EXTRACTED RECORDS:
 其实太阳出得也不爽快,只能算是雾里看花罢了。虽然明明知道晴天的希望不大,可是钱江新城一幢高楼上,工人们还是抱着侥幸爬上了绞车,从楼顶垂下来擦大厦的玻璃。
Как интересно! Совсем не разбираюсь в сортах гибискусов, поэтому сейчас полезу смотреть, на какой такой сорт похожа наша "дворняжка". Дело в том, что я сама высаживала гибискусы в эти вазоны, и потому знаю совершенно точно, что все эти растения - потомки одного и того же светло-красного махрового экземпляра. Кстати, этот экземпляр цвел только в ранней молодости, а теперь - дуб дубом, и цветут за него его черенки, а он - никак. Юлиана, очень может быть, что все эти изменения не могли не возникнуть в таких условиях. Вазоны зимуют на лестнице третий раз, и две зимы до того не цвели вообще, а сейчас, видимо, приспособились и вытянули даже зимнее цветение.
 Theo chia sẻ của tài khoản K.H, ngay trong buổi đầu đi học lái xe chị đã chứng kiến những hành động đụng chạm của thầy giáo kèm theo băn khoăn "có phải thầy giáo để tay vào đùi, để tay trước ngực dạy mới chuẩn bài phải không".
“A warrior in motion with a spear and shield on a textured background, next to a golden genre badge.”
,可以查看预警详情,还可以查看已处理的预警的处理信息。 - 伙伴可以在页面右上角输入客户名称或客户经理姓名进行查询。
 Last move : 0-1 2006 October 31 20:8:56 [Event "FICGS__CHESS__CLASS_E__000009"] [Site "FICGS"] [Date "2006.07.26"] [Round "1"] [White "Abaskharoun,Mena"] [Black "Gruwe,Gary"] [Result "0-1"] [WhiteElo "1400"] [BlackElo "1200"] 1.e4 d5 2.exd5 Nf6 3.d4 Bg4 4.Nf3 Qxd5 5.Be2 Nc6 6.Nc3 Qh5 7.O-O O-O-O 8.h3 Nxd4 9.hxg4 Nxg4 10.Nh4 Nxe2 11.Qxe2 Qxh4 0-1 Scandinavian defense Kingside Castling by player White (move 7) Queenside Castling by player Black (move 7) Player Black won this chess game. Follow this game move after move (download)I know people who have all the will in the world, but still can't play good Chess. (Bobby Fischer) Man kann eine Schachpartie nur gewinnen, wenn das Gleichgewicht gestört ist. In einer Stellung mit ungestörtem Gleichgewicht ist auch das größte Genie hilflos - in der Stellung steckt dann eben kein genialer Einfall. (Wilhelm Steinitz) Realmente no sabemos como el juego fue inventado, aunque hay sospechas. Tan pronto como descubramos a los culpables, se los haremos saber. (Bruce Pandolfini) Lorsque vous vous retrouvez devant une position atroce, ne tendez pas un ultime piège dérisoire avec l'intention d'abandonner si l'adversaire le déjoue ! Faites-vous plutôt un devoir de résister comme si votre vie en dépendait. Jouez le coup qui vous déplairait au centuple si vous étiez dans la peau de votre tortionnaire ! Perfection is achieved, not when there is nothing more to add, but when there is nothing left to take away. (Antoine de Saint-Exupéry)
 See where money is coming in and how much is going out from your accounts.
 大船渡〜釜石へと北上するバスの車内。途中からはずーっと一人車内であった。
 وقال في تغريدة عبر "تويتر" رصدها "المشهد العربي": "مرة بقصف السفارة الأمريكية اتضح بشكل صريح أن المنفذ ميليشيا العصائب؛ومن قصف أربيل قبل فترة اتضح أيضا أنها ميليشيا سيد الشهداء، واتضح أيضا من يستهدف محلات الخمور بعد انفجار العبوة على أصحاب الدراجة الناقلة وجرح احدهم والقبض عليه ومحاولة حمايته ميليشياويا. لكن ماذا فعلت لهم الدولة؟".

* * *

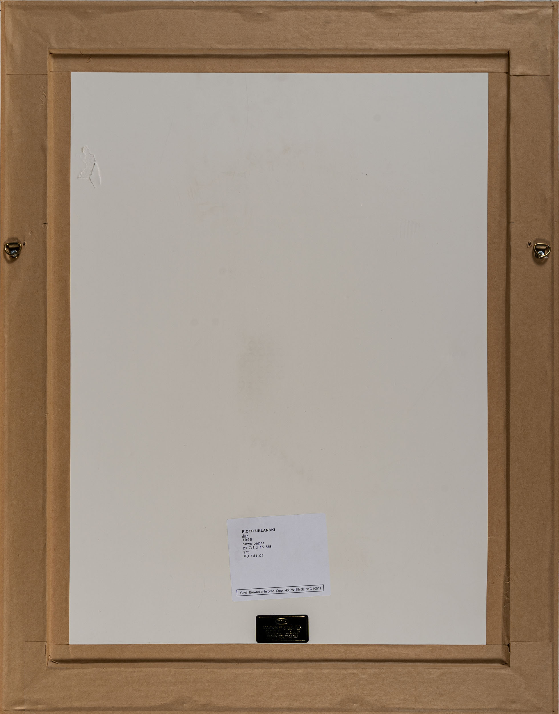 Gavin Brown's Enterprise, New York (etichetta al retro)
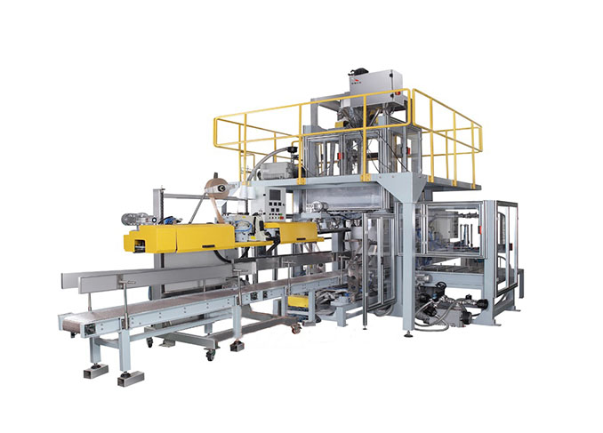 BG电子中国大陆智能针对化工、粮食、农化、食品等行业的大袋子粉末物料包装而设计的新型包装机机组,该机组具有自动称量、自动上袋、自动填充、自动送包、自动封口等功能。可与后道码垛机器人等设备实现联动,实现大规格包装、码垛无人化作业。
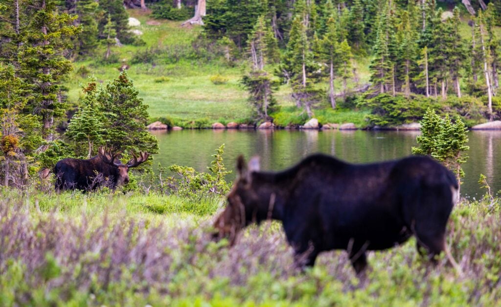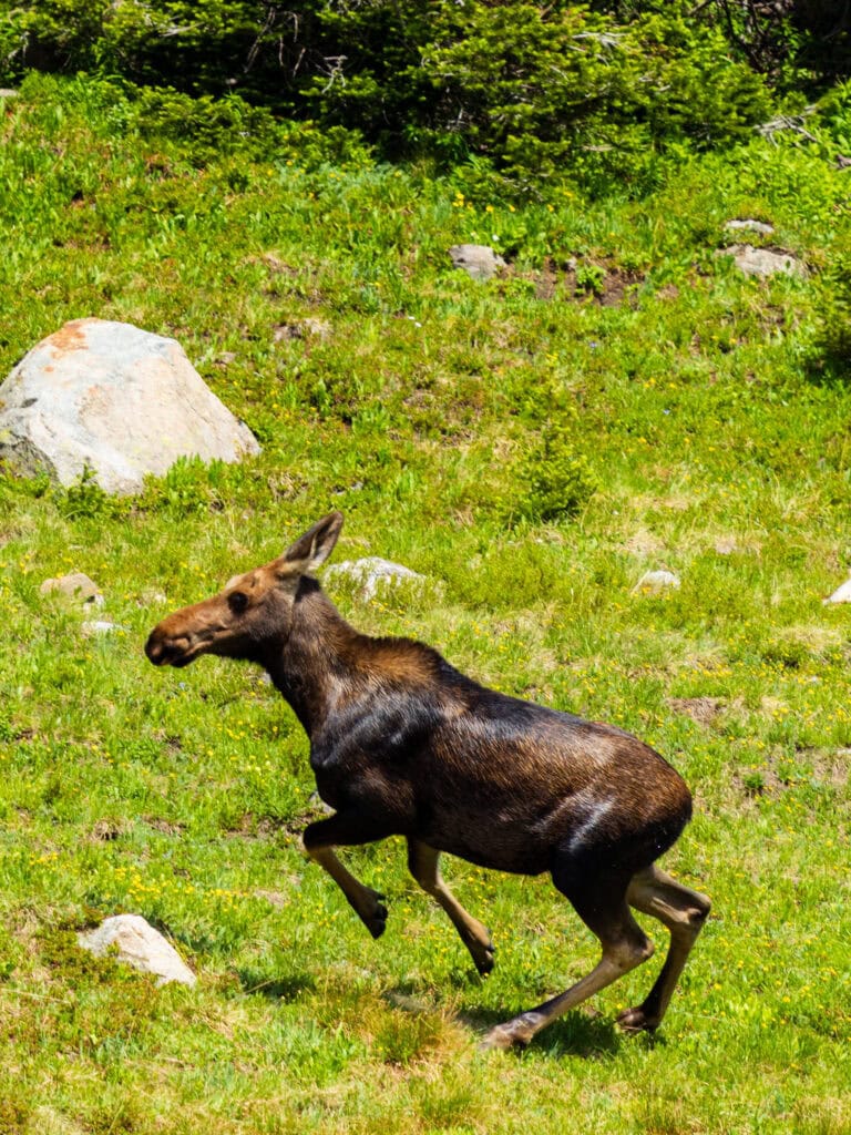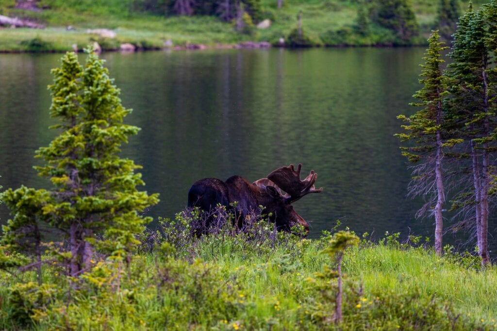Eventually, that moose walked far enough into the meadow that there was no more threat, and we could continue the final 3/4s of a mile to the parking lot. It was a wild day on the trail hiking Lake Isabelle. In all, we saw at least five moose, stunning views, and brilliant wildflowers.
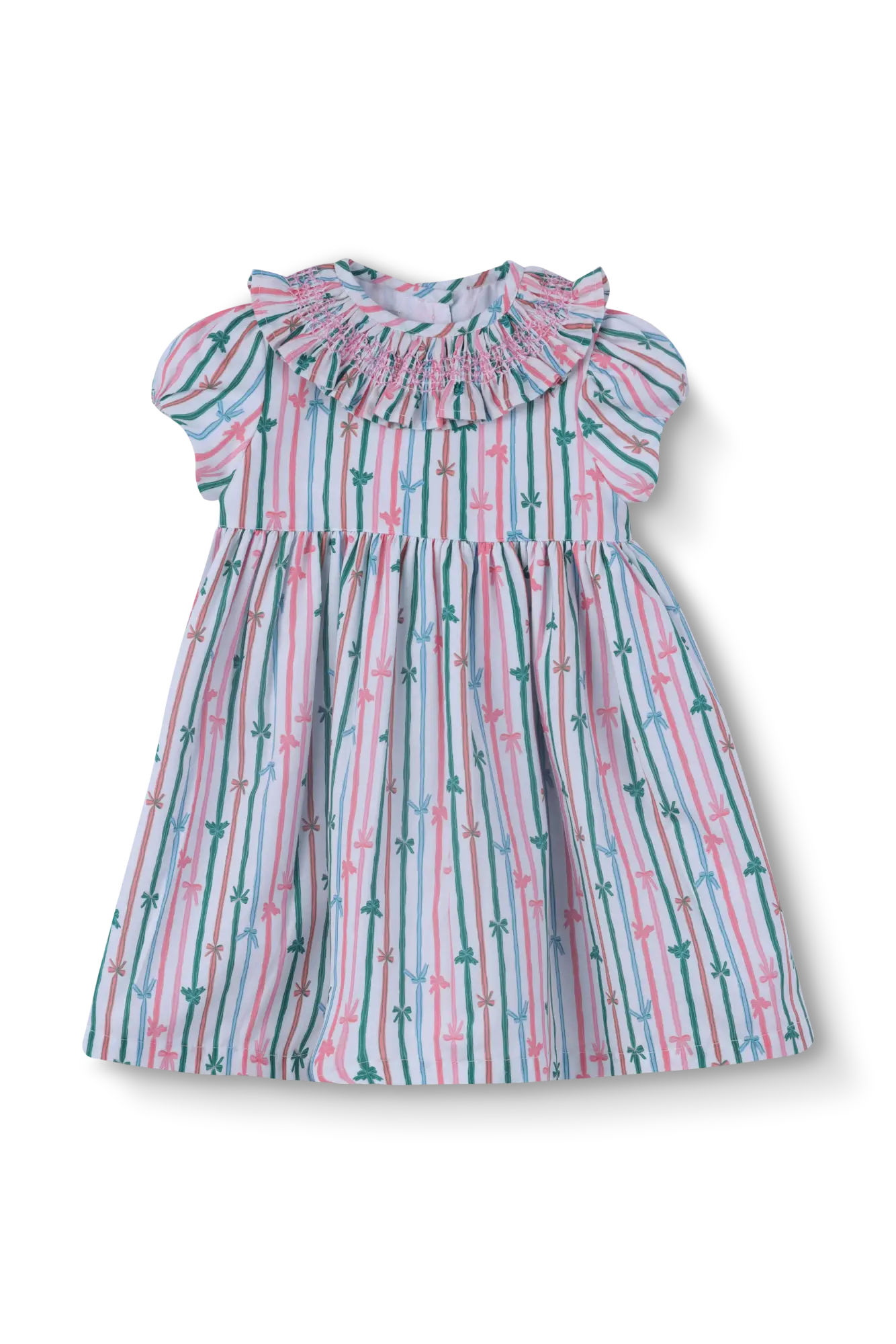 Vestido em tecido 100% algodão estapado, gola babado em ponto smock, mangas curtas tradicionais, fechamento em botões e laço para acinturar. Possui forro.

==

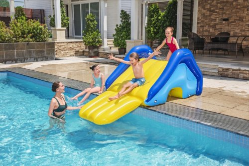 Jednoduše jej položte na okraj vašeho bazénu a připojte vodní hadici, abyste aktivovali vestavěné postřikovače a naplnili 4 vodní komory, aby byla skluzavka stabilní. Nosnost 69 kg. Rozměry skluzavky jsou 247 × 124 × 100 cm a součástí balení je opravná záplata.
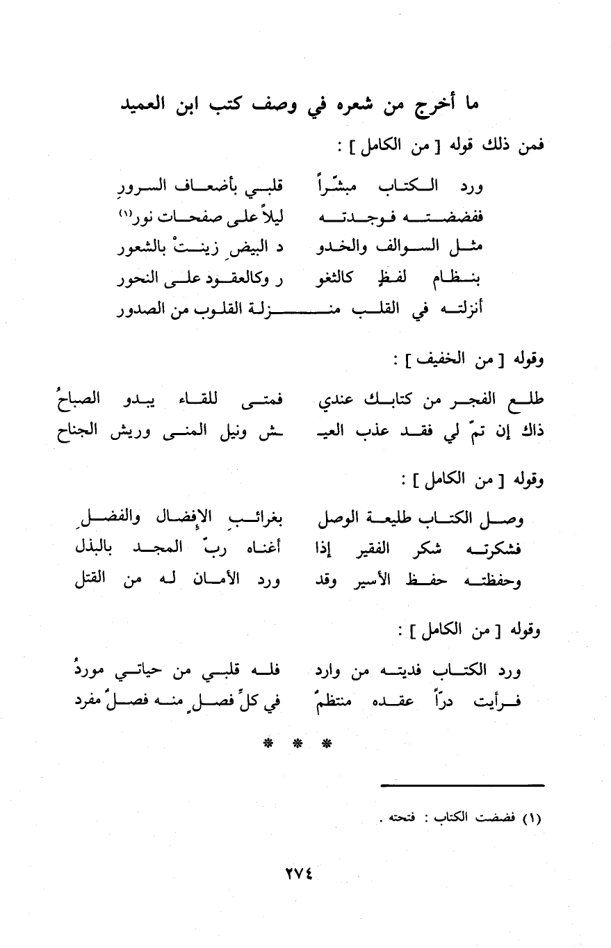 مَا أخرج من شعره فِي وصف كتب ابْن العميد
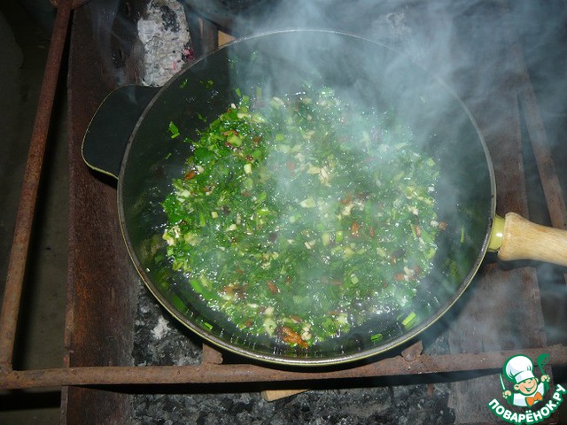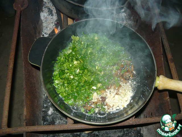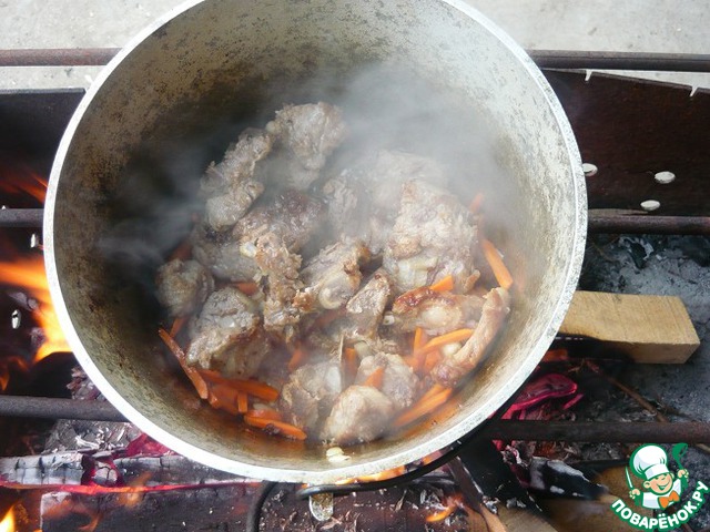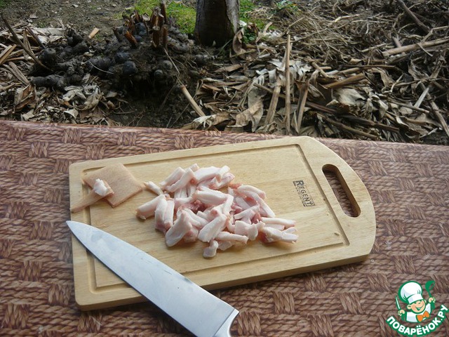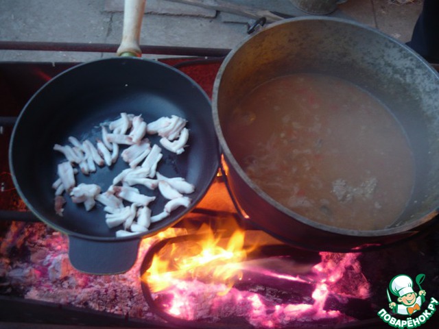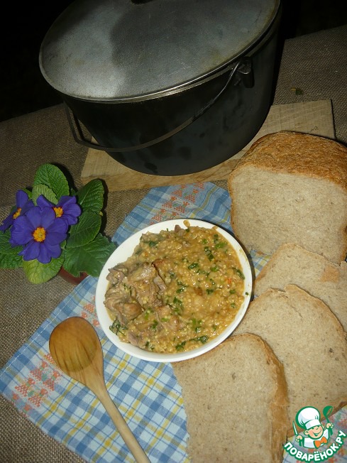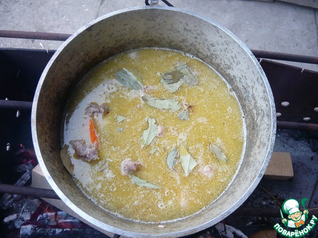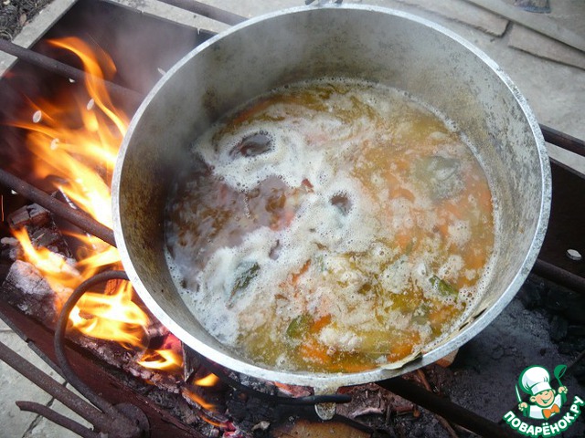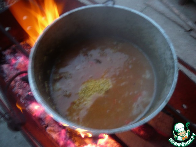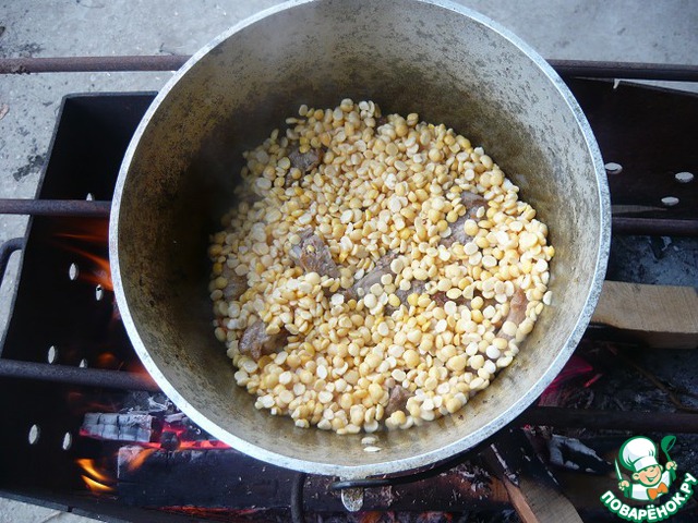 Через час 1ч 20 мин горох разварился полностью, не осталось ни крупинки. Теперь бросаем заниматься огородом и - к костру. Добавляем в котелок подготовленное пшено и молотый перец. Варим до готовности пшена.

GOAL OF THE EXERCISE:
In the entries above, find the line with "Eventually, that moose" and the line with "Vestido em tecido". Write out exactly those two lines and every line between them, pictures excluded.

WRITTEN RESPONSE:
Eventually, that moose walked far enough into the meadow that there was no more threat, and we could continue the final 3/4s of a mile to the parking lot. It was a wild day on the trail hiking Lake Isabelle. In all, we saw at least five moose, stunning views, and brilliant wildflowers.
 Vestido em tecido 100% algodão estapado, gola babado em ponto smock, mangas curtas tradicionais, fechamento em botões e laço para acinturar. Possui forro.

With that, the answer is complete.